Google researchers use deep reinforcement learning for optimizing chip design

Optimal chip design, or floorplanning, is a linchpin to increasing the computational power of today's systems. However, it is a process that takes substantial time, and efforts are being made to make it more efficient. Considering this, researchers working with Google have now looked towards machine learning to help tackle the problem.

In a recent paper titled “Chip Placement with Deep Reinforcement Learning” published on arXiv, the team at Google poses chip placement as a reinforcement learning (RL) problem. The trained model then places chip blocks, each of which is an individual module, such as a memory subsystem, compute unit, or control logic system onto a chip canvas.

Determining the layout of a chip block, a process called chip floorplanning, is one of the most complex and time-consuming stages of the chip design process and involves placing the netlist onto a chip canvas (a 2D grid), such that power, performance, and area (PPA) are minimized, while adhering to constraints on density and routing congestion.
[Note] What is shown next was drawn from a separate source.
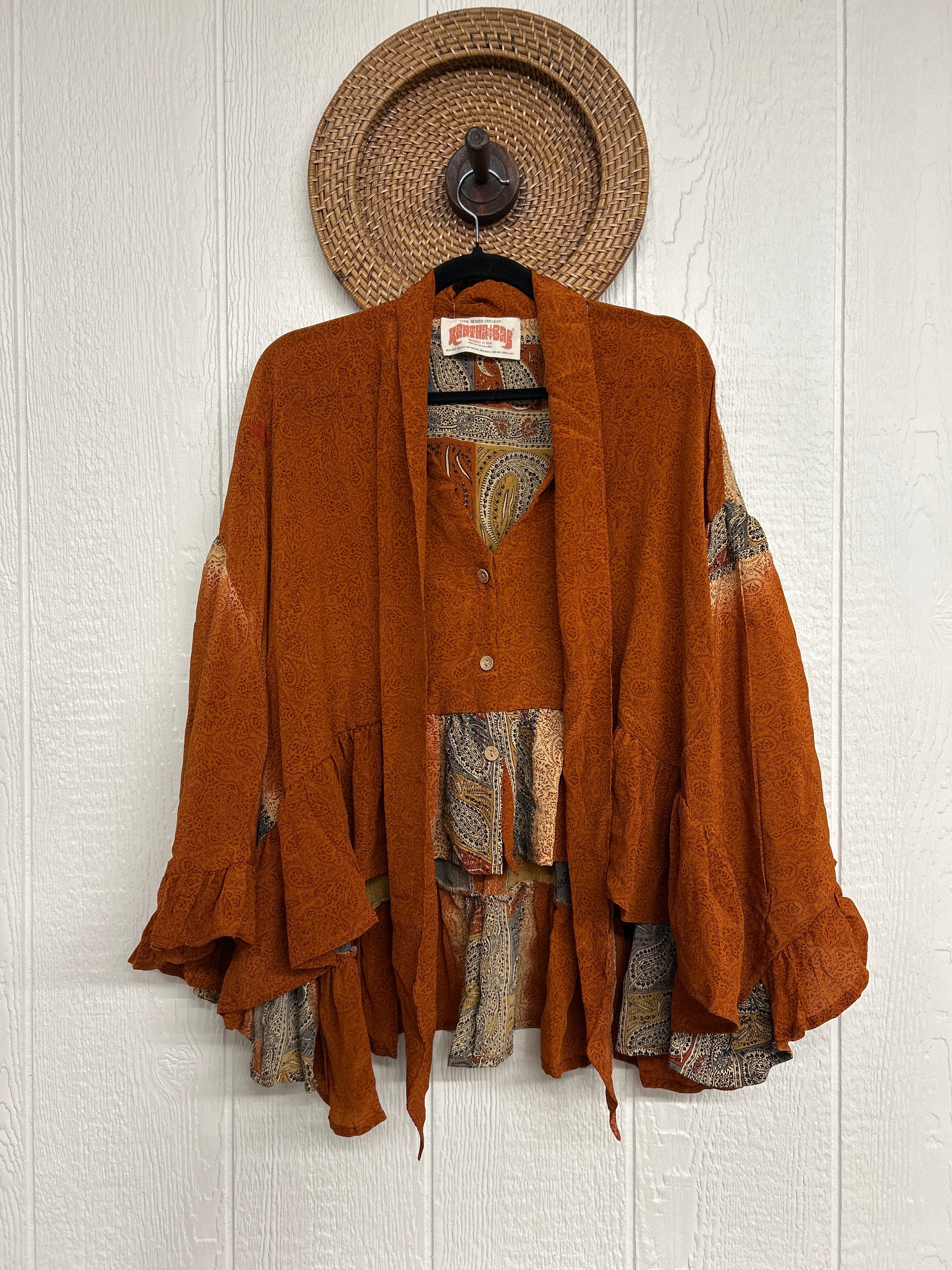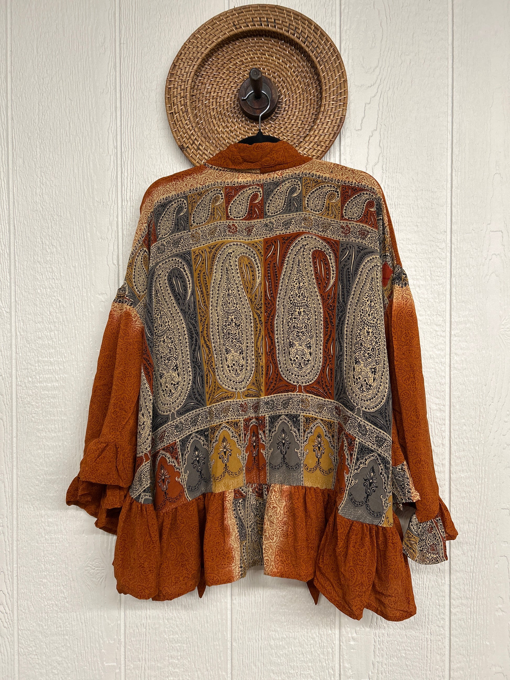 Crafted from vintage crepe sari this romantic piece features ruffles throughout, tie closure on the neck that can be opened or closed, fully functional button placket, high low hem, bell sleeve.

Despite decades of research on this topic, it is still necessary for human experts to iterate for weeks to produce solutions that meet multi-faceted design criteria.

The input to the deep reinforcement learning model is the chip netlist, the ID of the current node to be placed, and some netlist metadata. The netlist graph and the current node are passed through an edge-based graph neural network to generate embeddings of the partially placed graph and the candidate node.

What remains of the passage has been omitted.